The Senate voted 73-24 Wednesday to accept Hatch's compromise, which calls for the courts to determine what is obscene, not the NEA.The Hatch amendment requires artists whose projects are found by courts to be obscene or in violation of child pornography laws give back the tax money they spent. It also bars them from receiving more NEA funds for up to three years.
"Congress has never been successful in setting bright-line standards when the matter at hand is so subjective in nature," Hatch said. He has pointed out that some ultraconservatives would consider works by Michelangelo to be obscene.
Hatch's compromise replaced more restrictive rules adopted last year, even though powerful Senate Appropriations Committee Chairman Robert Byrd, D-W.Va., had proposed extending them. And it overcame proposals for more strict content regulations from conservatives led by Sen. Jesse Helms, R-N.C.
Hatch's compromise - which was blasted by many fellow conservatives - became part of an $11.7 billion funding bill, passed 92-7, for the Department of Interior and related agencies, including the NEA. House-Senate differences will be worked out in conference.

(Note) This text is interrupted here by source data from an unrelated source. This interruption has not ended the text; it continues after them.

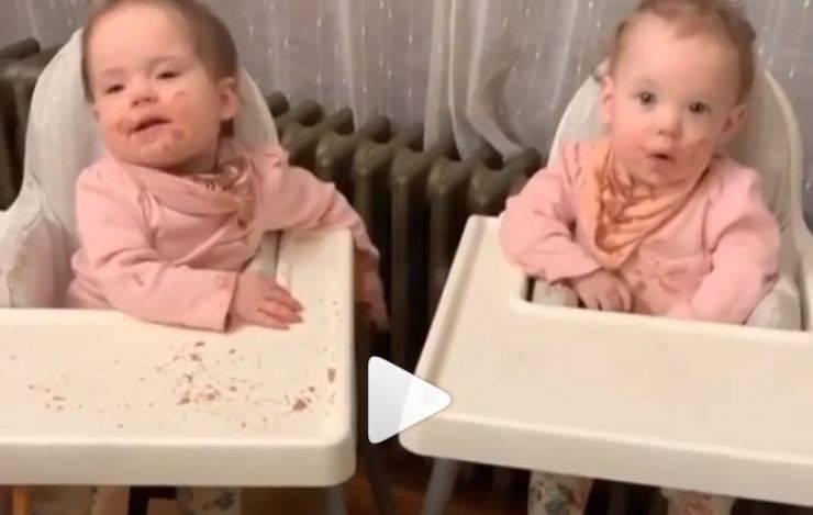 due innocenti bimbi seduti su due seggioloni, vestiti uguali, ma con una differenza: uno di loro, nascosto sotto il suo seggiolone, ha un adorabile Golden Retriever. Il bimbo, fortunato dal nostro punto di vista, quando allunga e muove i suoi teneri piedini, entra in contatto con una superficie morbida e pelosa.
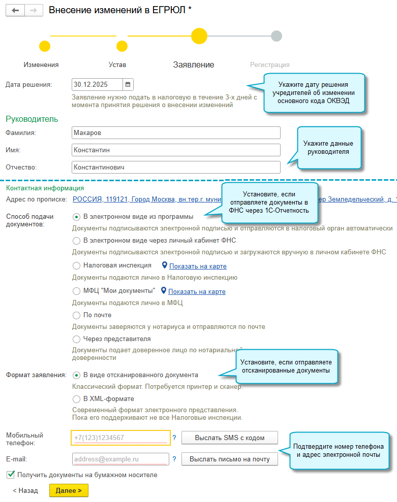 Добавлена возможность подготовить документы, если требуется изменить основной код ОКВЭД в ЕГРЮЛ или ЕГРИП.
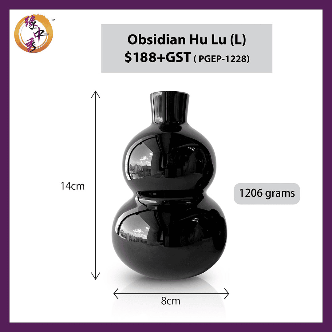 *Note: There are two sizes of the Obsidian Hu Lu available. The larger the Hulu, the stronger its effect in purging negative energies. You can choose the appropriate size based on the available space. For example, if you’re placing it on an office table, the small Hu Lu would be suitable. If you’re placing it in areas such as the washroom or an inauspicious position (煞位), the large Hu Lu is recommended.
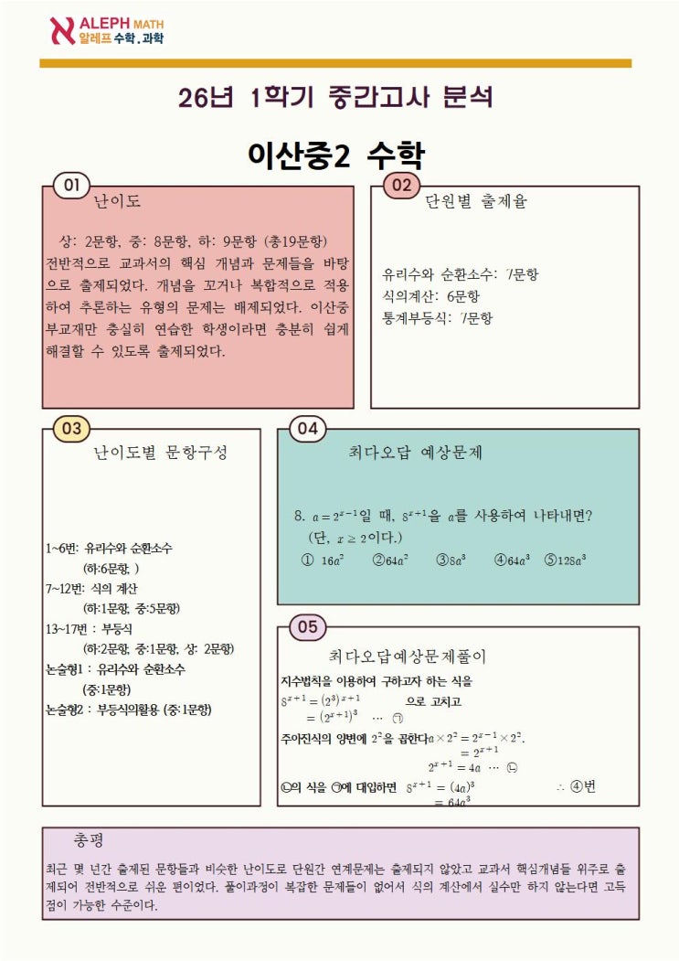 안녕하세요! 이산중 수학학원 동탄역 알레프 수학과학학원입니다. 최근 마무리된 이산중학교 2학년 1학기 수학 중간고사, 학생들의 결과는 어떠했나요? 2학년이 되어 치른 첫 시험이라 당황한 학생들도 있었을 텐데요. 시험은 끝이 아니라 '나의 약점을 파악하는 이정표'입니다. 오늘은 이산중 전문 알레프 수학에서 분석한 2026 이산중 2-1 수학 중간고사 리포트를 통해 기말고사 역전 전략을 공개합니다! 1. 이산고 수학 중간고사 총평 및 출제 경향 이번 이산중 2학년 수학 시험은 전반적으로 '기본에 충실하면서도 변별력을 갖춘' 형태로 출제되었습니다. 난이도 구성 하(30%) / 중(50%) / 상(20%) 수준으로 배....... <img src="https://blogthumb.pstatic.net/MjAyNjA0MjZfMTc2/MDAxNzc3MTc2NjUxNTEw.3mJr1n26_LDgDCeHmBREG4BiZ0UJZCN5JGomcGppGPkg.m2PxnSdZObs7mW43b4szFNqcXm9l7SKvdthySmbsGXUg.JPEG/%C0%CC%BB%EA%C1%DF2-1%C1%DF%B0%A3%BC%F6%C7%D0%BD%C3%C7%E8%BA%D0%BC%AE%BA%B8%B0%ED%BC%AD.jpg?type=s3" />
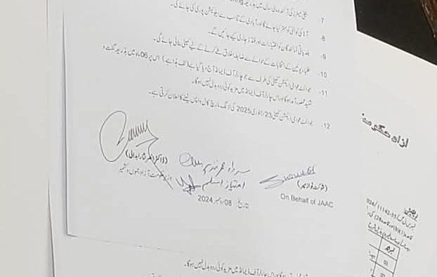 مظفراباد (ڈیجیٹل پوسٹ) آزاد کشمیر میں عوامی مارچ کے بعد حکومت نے صدارتی آرڈیننس واپس لے لیا، مطالبات منظور،دونوں فریقین کے درمیان معاہدہ ہوگیا، 23 جنوری 2025 تک لانگ مارچ کی کال واپس۔

Controversy over NEA grants began last year because of federal funding of erotic homosexual photos by Robert Mapplethorpe, a photo of a crucifix in urine by Andres Serrano and a live sex act show by Annie Sprinkles.
Under pressure from conservatives led by Helms, Congress forbade funding works "that may be considered obscene, including, but not limited to, depictions of sadomasochism, homoeroticism, the sexual exploitation of children or individuals engaged in sex acts and which, when taken as a whole do not have serious literary, artistic, political or scientific value."
Hatch, the ranking member of the Senate Labor and Human Resources Committee, had earlier persuaded that committee to adopt his same compromise as part of a bill to reauthorize the NEA for five years. But that bill languished, and a temporary one-year reauthorization was added to the funding bill.
Byrd ignored the Hatch compromise and instead continued the previous restrictions on the NEA and also required grant recipients to sign a pledge that they would comply with the rules. Such a pledge is now required by NEA rules - but not by law.
Helms complained the Hatch amendment was "just a cover-up to allow senators to say they did something (to control subsidized pornography), when in fact they have not."
Hatch - along with Sens. Edward Kennedy, D-Mass., and Claiborne Pell, D-R.I. - argued for the Hatch amendment saying earlier content restrictions were unconstitutional. Hatch spoke emotionally about the value of art in his life and about his childhood violin lessons.
Helms attacked, however, saying of Hatch's speech, "If there has ever been more irrelevant oratory than we have just heard . . . I have not heard it."